-- What is expected --
Quote the data exactly, first line to the line containing "A detailed illustration", with no pictures.

[Dataset excerpts]
═══

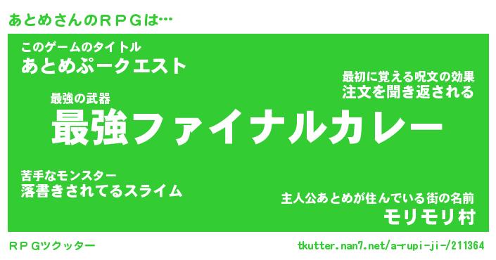 | 男性向けラノベタイトル風あだ名 | 『アトメアートオンライン』 |
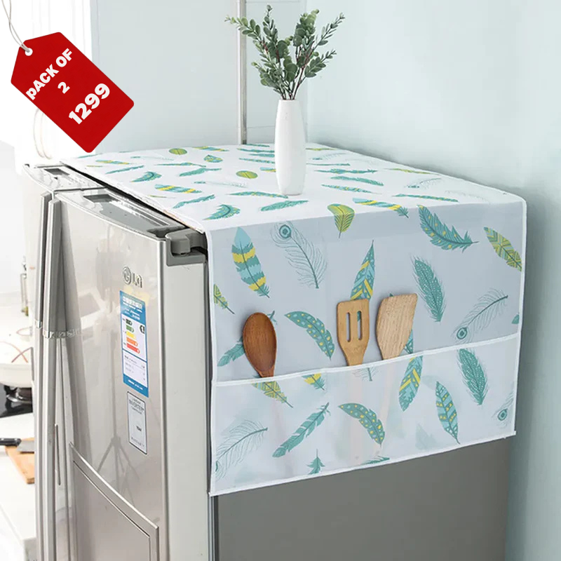 This combo includes a Fridge Top Cover + Oven/Microwave Cover – both designed with a cute kitchen-themed print and made from durable, waterproof material.
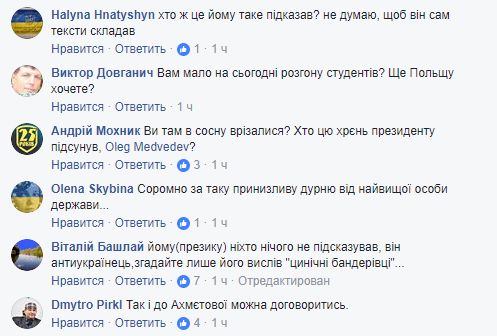 Эти слова вызвали гнев националистически настроенных блогеров. Они напомнили Порошенко, что Пилсудский отобрал Западную Украину и проводил там репрессии украинского населения.
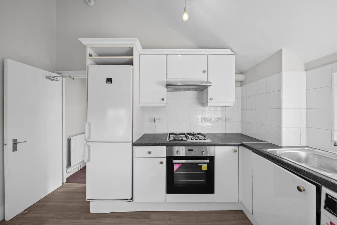 This spacious top-floor flat occupies 785 sq. ft. within a handsome period building on Brondesbury Road. Light and volume define the space, with excellent ceiling height throughout and generously proportioned rooms that are rare to find.
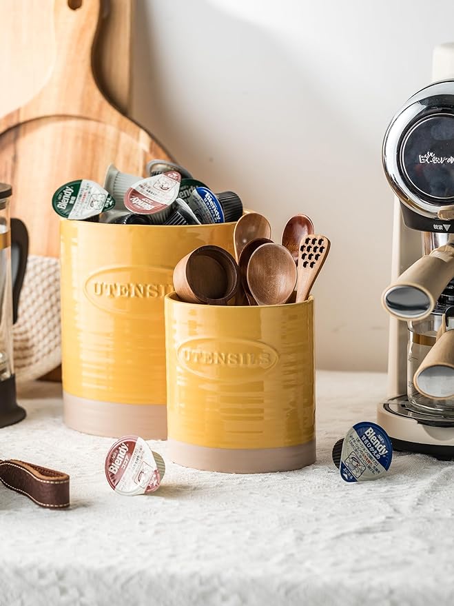 - Easy Countertop Organization: Keep your kitchen tidy by organizing utensils in this space-saving utensil crocks. The oval opening allows easy access to frequently used tools, keeping your countertop clutter-free.
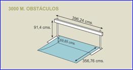 La prueba 3000metros con obstáculos es una carrera en la que los competidores tienen que pasar 28 obstáculos y 7 saltos de agua. Completando así 7 vueltas y media |
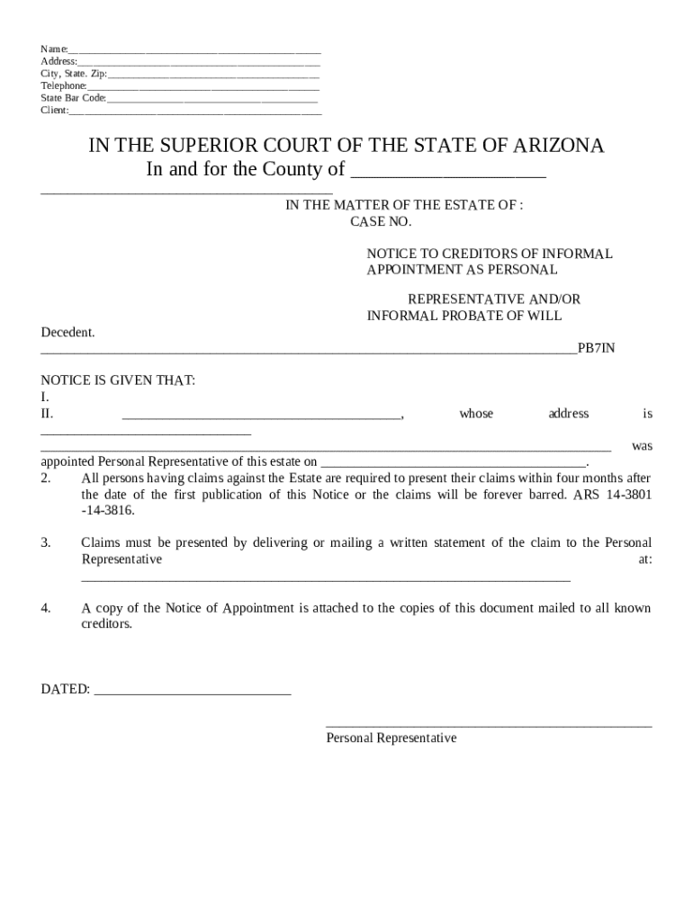 Notice to Creditors in Probate template instructions
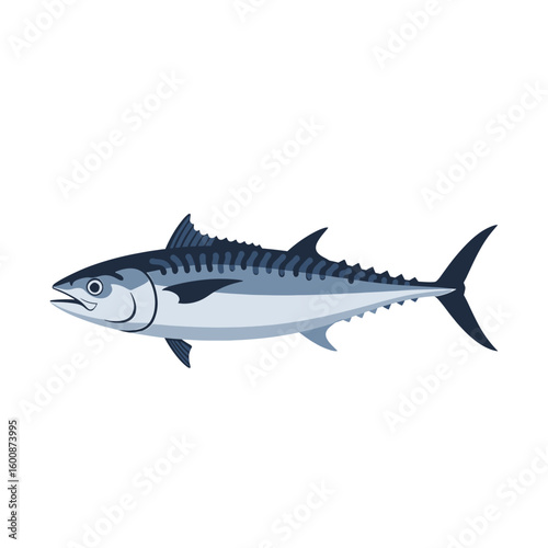 A detailed illustration of a mackerel fish in a side profile, isolated on white.
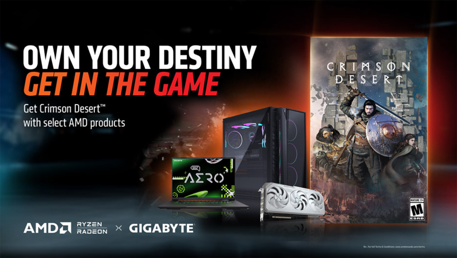 Trong thời gian diễn ra chương trình khuyến mãi, từ 10/02 - 25/04/2026, khách hàng khi mua Card đồ họa GIGABYTE Radeon™ RX 9070 / RX 9070 XT hoặc Laptop GIGABYTE AERO X16 (CPU AMD) tại Laptopworld sẽ có cơ hội nhận ngay code game Crimson Desert bản quyền.
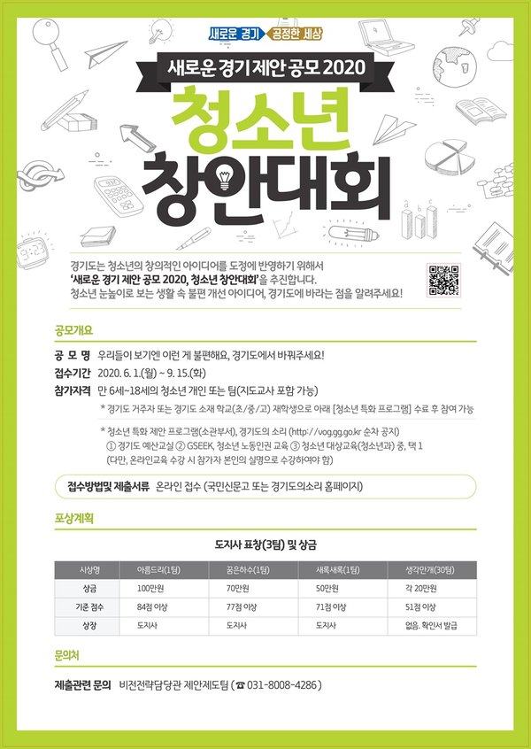 한편, 새로운경기 아이디어 공모 청소년 창안대회는 경기도의 소리, 국민신문고에서 9월 15일까지 접수 받는다.

═══

-- Response --
 | 男性向けラノベタイトル風あだ名 | 『アトメアートオンライン』 |
 This combo includes a Fridge Top Cover + Oven/Microwave Cover – both designed with a cute kitchen-themed print and made from durable, waterproof material.
 Эти слова вызвали гнев националистически настроенных блогеров. Они напомнили Порошенко, что Пилсудский отобрал Западную Украину и проводил там репрессии украинского населения.
 This spacious top-floor flat occupies 785 sq. ft. within a handsome period building on Brondesbury Road. Light and volume define the space, with excellent ceiling height throughout and generously proportioned rooms that are rare to find.
 - Easy Countertop Organization: Keep your kitchen tidy by organizing utensils in this space-saving utensil crocks. The oval opening allows easy access to frequently used tools, keeping your countertop clutter-free.
 La prueba 3000metros con obstáculos es una carrera en la que los competidores tienen que pasar 28 obstáculos y 7 saltos de agua. Completando así 7 vueltas y media |
 Notice to Creditors in Probate template instructions
 A detailed illustration of a mackerel fish in a side profile, isolated on white.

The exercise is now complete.